==== Source material
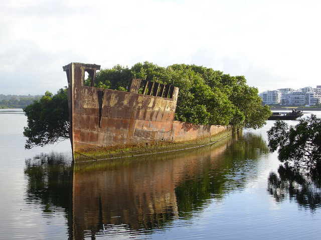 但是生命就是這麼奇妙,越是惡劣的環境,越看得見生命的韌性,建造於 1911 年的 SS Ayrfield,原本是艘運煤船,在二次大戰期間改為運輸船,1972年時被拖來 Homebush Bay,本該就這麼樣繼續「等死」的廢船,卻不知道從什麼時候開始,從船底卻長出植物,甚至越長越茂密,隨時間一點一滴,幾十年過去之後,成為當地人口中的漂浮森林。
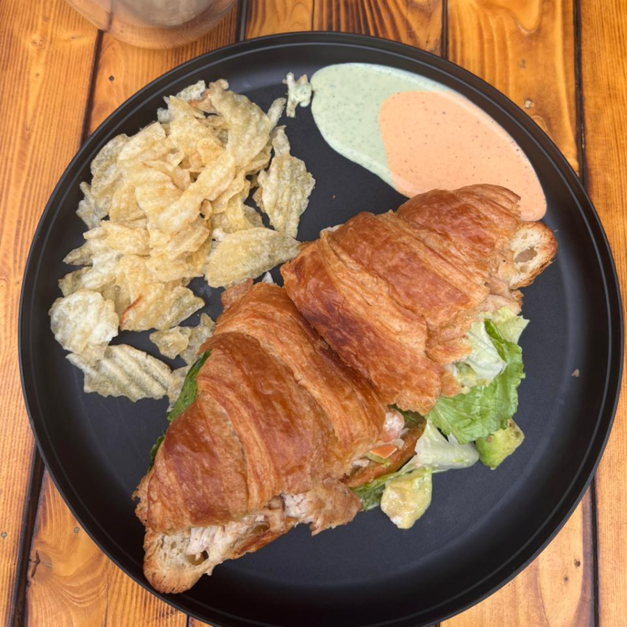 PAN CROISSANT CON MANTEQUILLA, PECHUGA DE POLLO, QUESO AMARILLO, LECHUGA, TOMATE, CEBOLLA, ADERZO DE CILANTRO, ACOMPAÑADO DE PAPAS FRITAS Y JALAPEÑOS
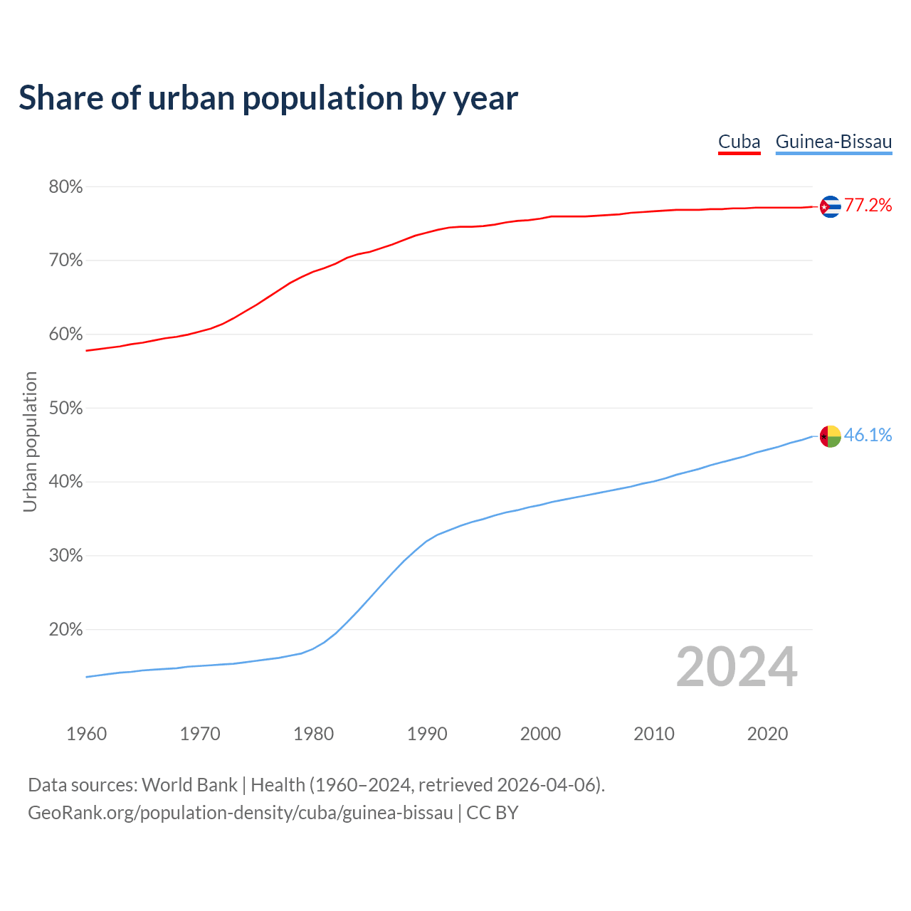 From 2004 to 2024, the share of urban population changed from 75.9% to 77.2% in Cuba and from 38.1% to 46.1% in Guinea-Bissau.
========
==== Source material
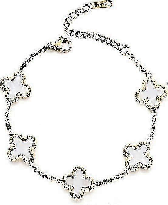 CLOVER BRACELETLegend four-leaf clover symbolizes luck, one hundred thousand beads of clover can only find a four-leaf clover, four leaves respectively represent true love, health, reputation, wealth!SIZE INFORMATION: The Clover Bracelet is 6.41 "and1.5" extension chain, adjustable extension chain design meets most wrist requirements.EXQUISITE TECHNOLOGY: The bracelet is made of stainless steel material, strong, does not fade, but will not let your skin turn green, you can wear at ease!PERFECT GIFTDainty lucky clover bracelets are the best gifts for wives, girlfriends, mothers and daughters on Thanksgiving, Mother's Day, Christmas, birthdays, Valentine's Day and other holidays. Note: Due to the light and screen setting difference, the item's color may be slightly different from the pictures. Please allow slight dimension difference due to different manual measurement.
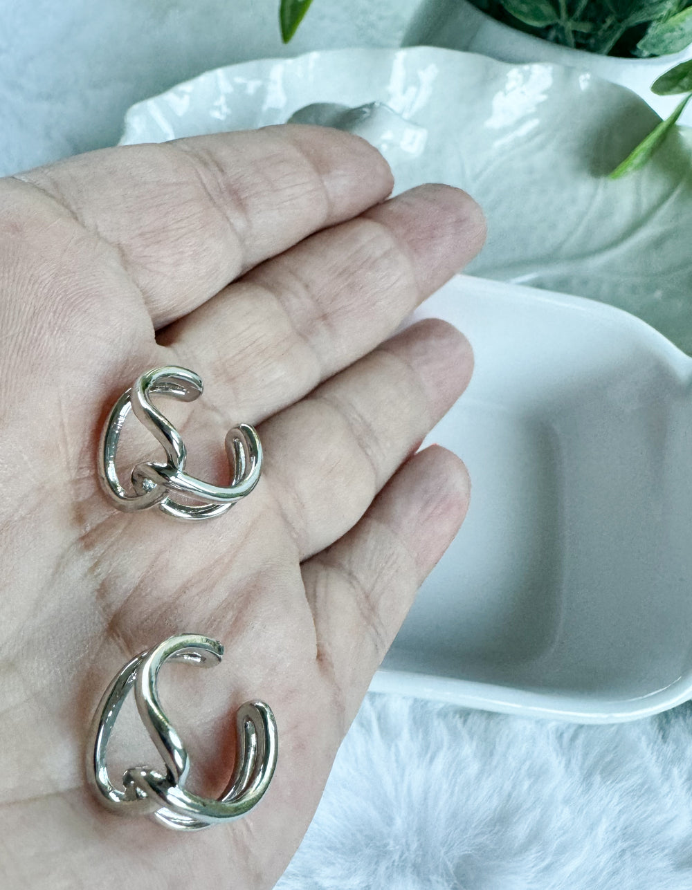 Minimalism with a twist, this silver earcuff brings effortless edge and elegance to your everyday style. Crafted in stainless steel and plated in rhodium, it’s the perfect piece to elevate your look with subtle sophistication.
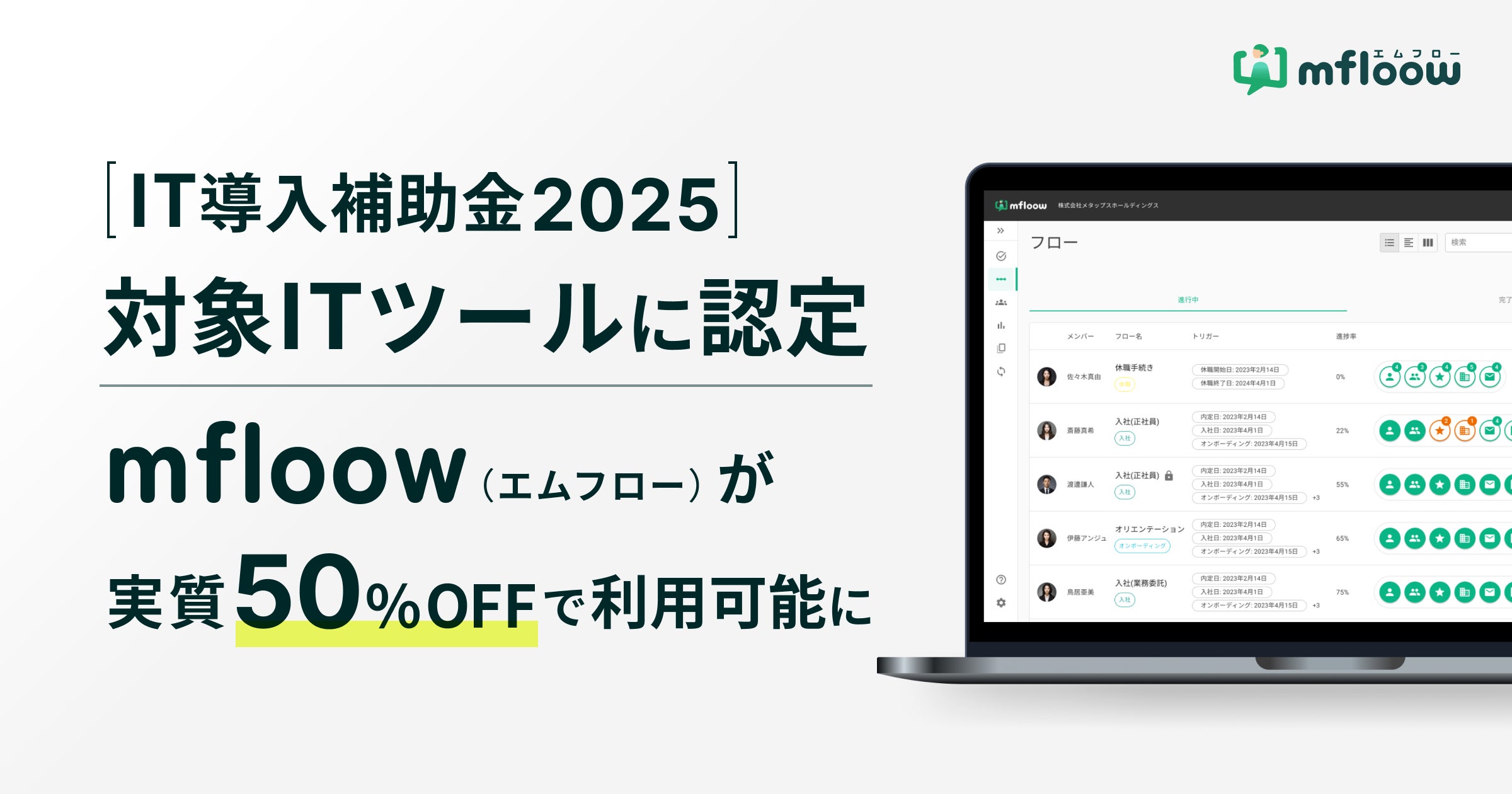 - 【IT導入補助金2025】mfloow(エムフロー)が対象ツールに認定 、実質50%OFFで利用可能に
========
==== Source material
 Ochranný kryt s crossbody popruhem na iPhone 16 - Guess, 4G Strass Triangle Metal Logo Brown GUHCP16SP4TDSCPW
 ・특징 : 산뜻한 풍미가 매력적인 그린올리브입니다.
========
- The task:
In the data above, find the line containing "Minimalism with a" and the line containing "- 【IT導入補助金2025】mfloow(エムフロー)が対象ツールに認定 、実質50%OFFで利用可能に". Copy exactly the stretch from the first through the second, both included, leaving out any picture.

- Written response:
 Minimalism with a twist, this silver earcuff brings effortless edge and elegance to your everyday style. Crafted in stainless steel and plated in rhodium, it’s the perfect piece to elevate your look with subtle sophistication.
 - 【IT導入補助金2025】mfloow(エムフロー)が対象ツールに認定 、実質50%OFFで利用可能に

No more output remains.